▶ Exercise description: Set down exact lines only, from the line with "- Van Der Schoot, J.M.S.;" through the last line of the material below, with every picture left out.

▶ Input:

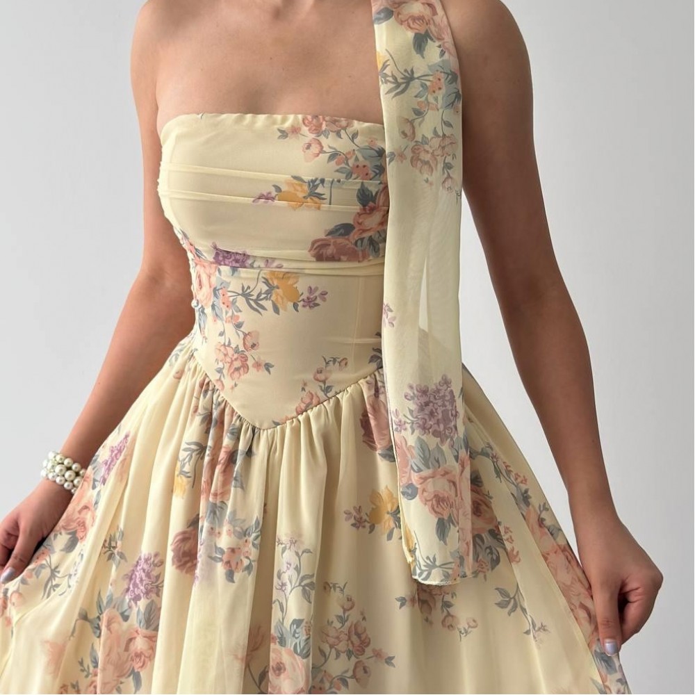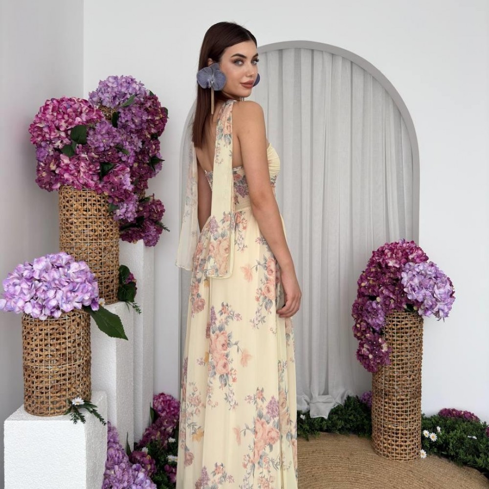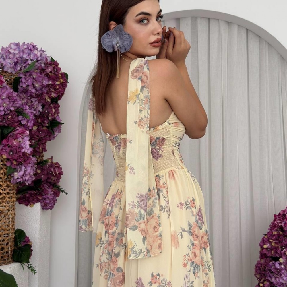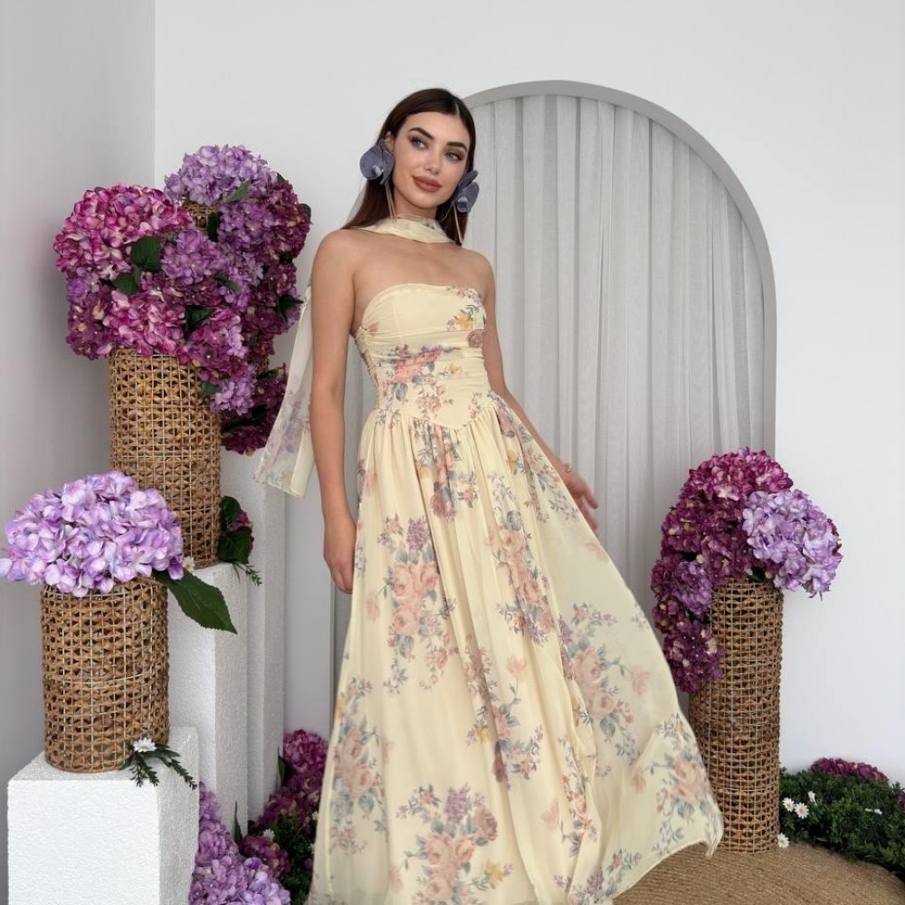 M00713-ÇİÇEK DESEN ÇİÇEK DESEN ELBİSE
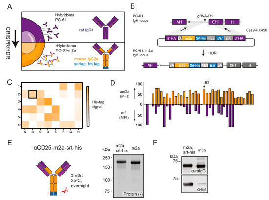 - Van Der Schoot, J.M.S.; Fennemann, F.L.; Valente, M.; Dolen, Y.; Hagemans, I.M.; Becker, A.M.D.; Le Gall, C.M.; Van Dalen, D.; Cevirgel, A.; Van Bruggen, J.A.C.; et al. Functional Diversification of Hybridoma-Produced Antibodies by CRISPR/HDR Genomic Engineering. Sci. Adv. 2019, 5, eaaw1822. [Google Scholar] [CrossRef] [Green Version]
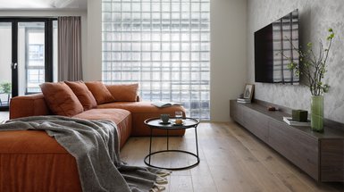 Владельцы этой квартиры не боятся экспериментов. Дизайнер Анастасия Заркуа решила наполнить проект цветом — в качестве доминирующего выбрала терракотовый, разбавила его изумрудным, черным и желтым. Цвет не только сделал интерьер ярким, но и скрыл недостатки планировки.
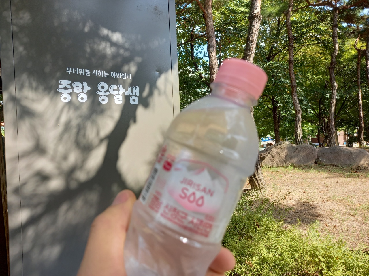 산책 나올 기분 좋은 마음에 물 갖고 오는것을
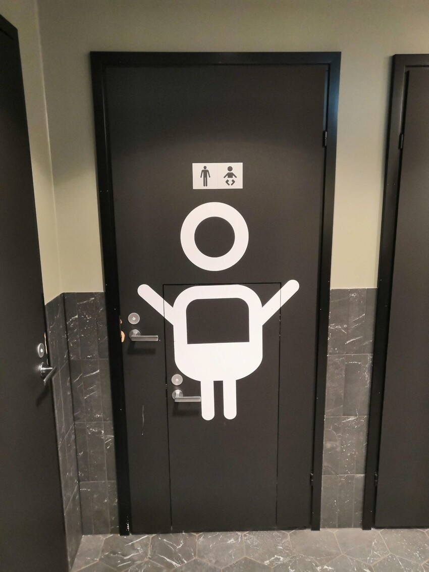 В двери в общественный туалет встроена ещё одна дверь поменьше специально для детей

▶ Answer for this exercise:
 - Van Der Schoot, J.M.S.; Fennemann, F.L.; Valente, M.; Dolen, Y.; Hagemans, I.M.; Becker, A.M.D.; Le Gall, C.M.; Van Dalen, D.; Cevirgel, A.; Van Bruggen, J.A.C.; et al. Functional Diversification of Hybridoma-Produced Antibodies by CRISPR/HDR Genomic Engineering. Sci. Adv. 2019, 5, eaaw1822. [Google Scholar] [CrossRef] [Green Version]
 Владельцы этой квартиры не боятся экспериментов. Дизайнер Анастасия Заркуа решила наполнить проект цветом — в качестве доминирующего выбрала терракотовый, разбавила его изумрудным, черным и желтым. Цвет не только сделал интерьер ярким, но и скрыл недостатки планировки.
 산책 나올 기분 좋은 마음에 물 갖고 오는것을
 В двери в общественный туалет встроена ещё одна дверь поменьше специально для детей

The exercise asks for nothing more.